» **Data records**:

= Beginning of Section =

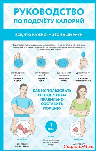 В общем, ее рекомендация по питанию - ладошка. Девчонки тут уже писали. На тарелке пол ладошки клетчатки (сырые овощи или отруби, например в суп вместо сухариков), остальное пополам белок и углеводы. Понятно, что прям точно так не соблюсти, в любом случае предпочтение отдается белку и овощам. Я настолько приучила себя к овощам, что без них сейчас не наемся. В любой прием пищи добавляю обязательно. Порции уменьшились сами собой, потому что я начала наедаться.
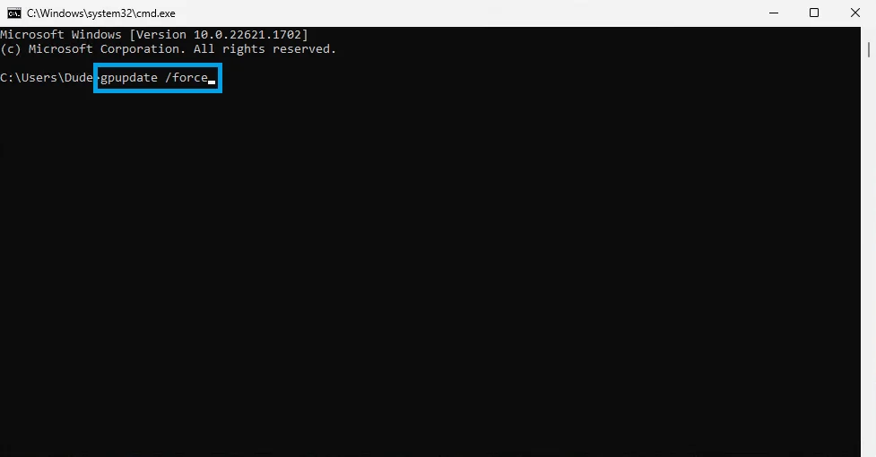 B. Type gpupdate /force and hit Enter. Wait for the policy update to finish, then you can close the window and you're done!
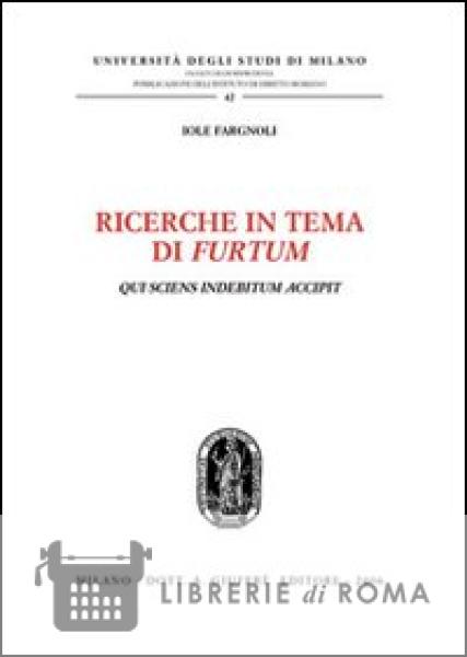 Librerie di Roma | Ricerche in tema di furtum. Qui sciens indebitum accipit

= End of Section =
= Beginning of Section =

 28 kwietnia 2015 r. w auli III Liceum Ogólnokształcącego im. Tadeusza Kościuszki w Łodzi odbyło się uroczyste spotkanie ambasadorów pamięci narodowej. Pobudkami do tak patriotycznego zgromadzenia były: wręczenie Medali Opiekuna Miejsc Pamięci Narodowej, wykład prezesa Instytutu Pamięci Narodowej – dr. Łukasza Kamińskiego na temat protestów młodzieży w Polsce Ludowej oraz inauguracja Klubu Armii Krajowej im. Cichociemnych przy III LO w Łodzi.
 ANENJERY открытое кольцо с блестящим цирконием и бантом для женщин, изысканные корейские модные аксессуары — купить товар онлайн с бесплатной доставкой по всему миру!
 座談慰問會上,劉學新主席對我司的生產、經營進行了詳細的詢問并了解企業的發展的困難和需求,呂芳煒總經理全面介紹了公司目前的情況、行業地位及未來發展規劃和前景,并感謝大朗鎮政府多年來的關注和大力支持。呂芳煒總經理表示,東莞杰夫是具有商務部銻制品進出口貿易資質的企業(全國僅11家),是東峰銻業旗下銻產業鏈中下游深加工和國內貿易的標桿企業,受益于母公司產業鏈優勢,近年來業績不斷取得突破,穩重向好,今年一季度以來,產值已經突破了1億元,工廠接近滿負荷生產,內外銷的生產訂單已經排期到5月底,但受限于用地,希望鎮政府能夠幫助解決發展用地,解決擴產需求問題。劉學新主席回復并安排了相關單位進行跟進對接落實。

= End of Section =

» **Prompt**:
In the listing above, find the line with "В общем, ее" and output it and every line after it up to and including the line with "Librerie di Roma", exactly, minus the pictures.

» **Solved exercise**:
 В общем, ее рекомендация по питанию - ладошка. Девчонки тут уже писали. На тарелке пол ладошки клетчатки (сырые овощи или отруби, например в суп вместо сухариков), остальное пополам белок и углеводы. Понятно, что прям точно так не соблюсти, в любом случае предпочтение отдается белку и овощам. Я настолько приучила себя к овощам, что без них сейчас не наемся. В любой прием пищи добавляю обязательно. Порции уменьшились сами собой, потому что я начала наедаться.
 B. Type gpupdate /force and hit Enter. Wait for the policy update to finish, then you can close the window and you're done!
 Librerie di Roma | Ricerche in tema di furtum. Qui sciens indebitum accipit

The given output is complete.